WHAT YOU WILL DO: From the first line to the last, restate the material word for word, omitting pictures.

DATA BLOCK:

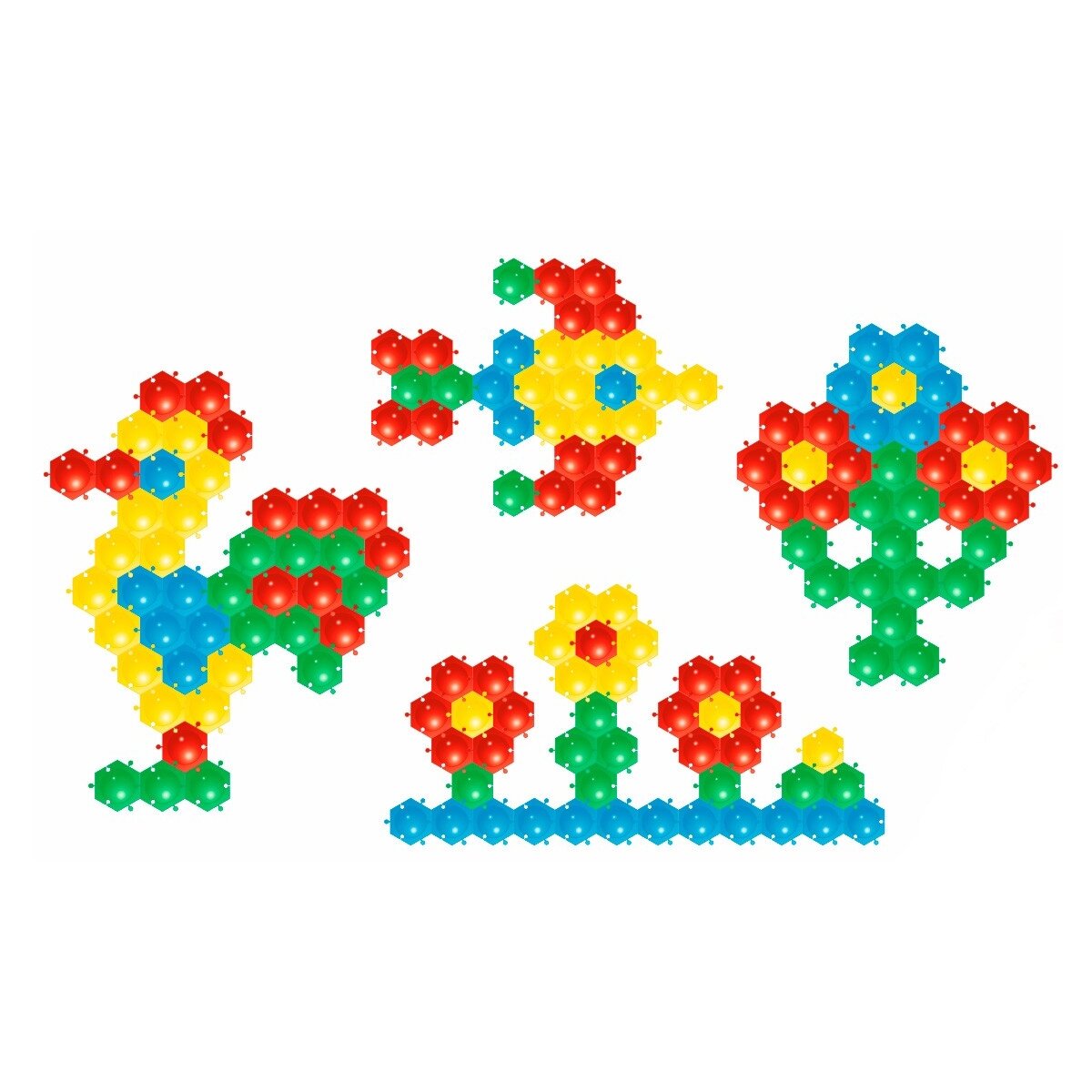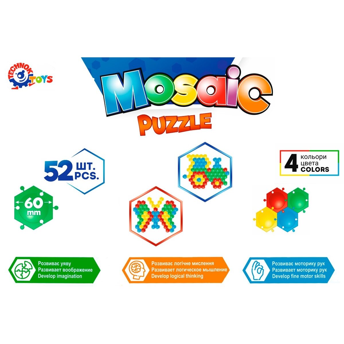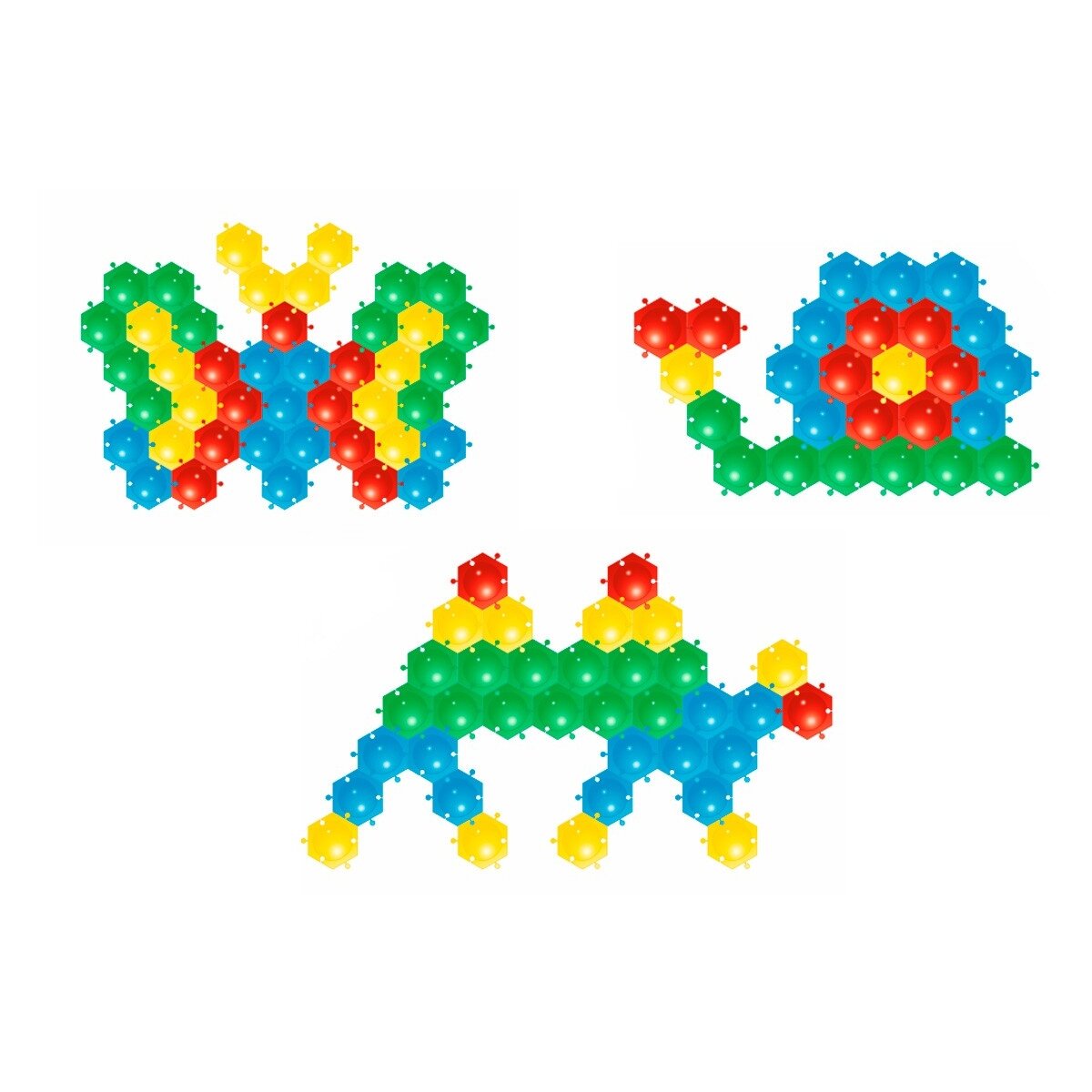 Mozaikinė dėlionė susideda iš 52 spalvotų šešiakampių, iš kurių kūdikis gali pasidaryti bet kokias formas ir raštus.
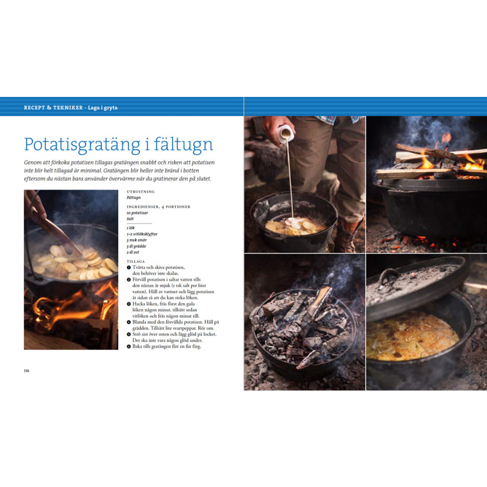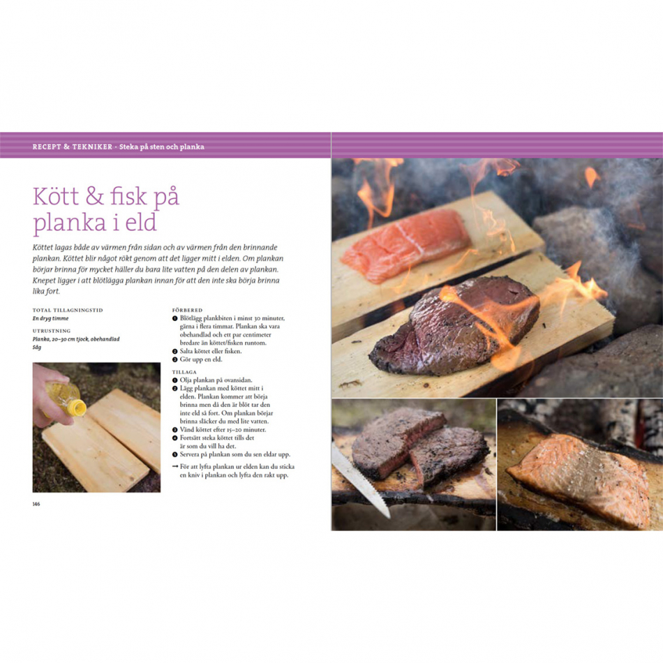 Det handlar om att vara i nuet, att låta saker ta sin tid och att umgås med varandra. Boken går igenom de vanligaste eldarna för matlagning, som pagodeld, stjärneld, jägareld och pyramideld. Du får lära dig att använda stekhäll, grillgaller, halster och gjutjärnsgryta. Vid sidan av standardteknikerna beskrivs mer speciella metoder som att tillaga på flat sten eller planka, i röktält, direkt i glöden eller i en grop med heta stenar.
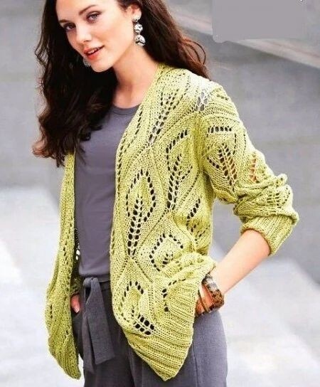 Этот узор с листьями подходит для множества летних, а также осенне-весенних джемперов, жакетов и жилетов. И на фото вы сможете увидеть варианты того, что можно связать с ним. Обратите внимание, здесь 2-3 очень похожих узора и схемы тоже прилагаются. Но от толщины пряжи и номера спиц зависит итоговый размер узора. Где-то листья выглядят огромными, а где-то чуть меньше. Поэтому обязательно свяжите образец из той пряжи, из которой планируете связать свою вещь.

RESULT:
 Mozaikinė dėlionė susideda iš 52 spalvotų šešiakampių, iš kurių kūdikis gali pasidaryti bet kokias formas ir raštus.
 Det handlar om att vara i nuet, att låta saker ta sin tid och att umgås med varandra. Boken går igenom de vanligaste eldarna för matlagning, som pagodeld, stjärneld, jägareld och pyramideld. Du får lära dig att använda stekhäll, grillgaller, halster och gjutjärnsgryta. Vid sidan av standardteknikerna beskrivs mer speciella metoder som att tillaga på flat sten eller planka, i röktält, direkt i glöden eller i en grop med heta stenar.
 Этот узор с листьями подходит для множества летних, а также осенне-весенних джемперов, жакетов и жилетов. И на фото вы сможете увидеть варианты того, что можно связать с ним. Обратите внимание, здесь 2-3 очень похожих узора и схемы тоже прилагаются. Но от толщины пряжи и номера спиц зависит итоговый размер узора. Где-то листья выглядят огромными, а где-то чуть меньше. Поэтому обязательно свяжите образец из той пряжи, из которой планируете связать свою вещь.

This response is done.